While briefly part of a ruling coalition in 2023-24 (with Borissov’s party, GERB!), PP-DB used the security services as a weapon against their rivals, in exactly the same way the likes of Peevski do. Now they are entangled in corruption scandals of their own: wherever they managed to displace Borissov's corruption networks, they simply installed their own people!

pm Image Houses of the Oireachtas Wikimedia CommonsBulgarian capitalism is in crisis and cannot find a stable government to represent it / Image: Houses of the Oireachtas, Wikimedia Commons

This flows directly from their class base and social outlook. Unlike GERB and DPS, which function primarily as mafia-style business machines rooted in patronage and oligarchic control, PP-DB expresses the ideology and interests of the urban liberal bourgeoisie, that is, the upper middle class, managerial layers, and NGO networks.

Their politics are shaped by hostility to workers’ organisations and by the technocratic conviction that society should be governed ‘by the experts’, schooled at Harvard and on Wall Street, against the majority.
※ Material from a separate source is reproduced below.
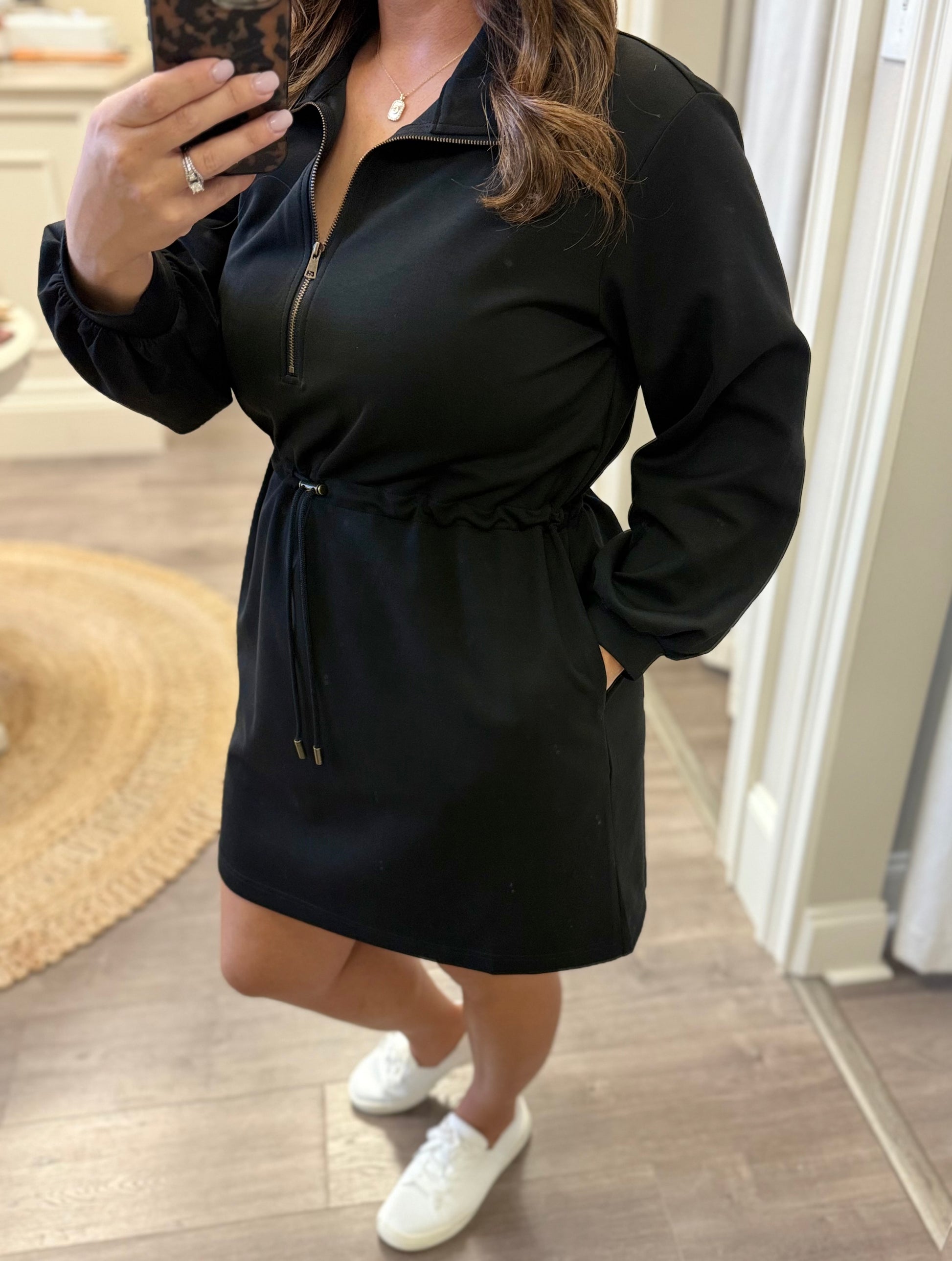 The Everyday Ease Half-Zip Dress is the perfect blend of comfy and cute! Made from a soft, medium-weight knit, it features a flattering drawstring waist, functional half-zip neckline, and side pockets for that laid-back yet put-together look we all love. Effortless to style — throw it on with sneakers for errands or pair with booties and gold jewelry for an elevated casual vibe.

Although they present themselves as ‘modern liberals’, in reality they are ideologically rigid right-wingers, staunch supporters of the EU and NATO, who in practice act aggressively against workers and the poor. Just a few months ago, their support base mobilised people in Sofia against public-transport workers, even organising a protest under the slogan “No to the priority of low-skilled labor over knowledge”, where they demanded that ‘low-skilled’ transport workers should not be paid more than doctors and other professionals!

Whilst PP-DB aims to force new elections and to step in as the ones ‘competent’ enough to govern Bulgaria through the euro-adoption, the protest movement has developed beyond their limited programme, including against Bulgaria’s entry into the eurozone. This shows that PP-DB will struggle to gain much control over the mood of workers and youth.

The task of communists is not to support one wing of the ruling class or to place our hopes in ‘protest parties’, but to build an independent, organised, and politically conscious force of the working class.

Only such an organisation, armed with a clear socialist programme, can transform spontaneous anger into sustained struggle that can challenge the entire system that produced this budget and corruption in the first place.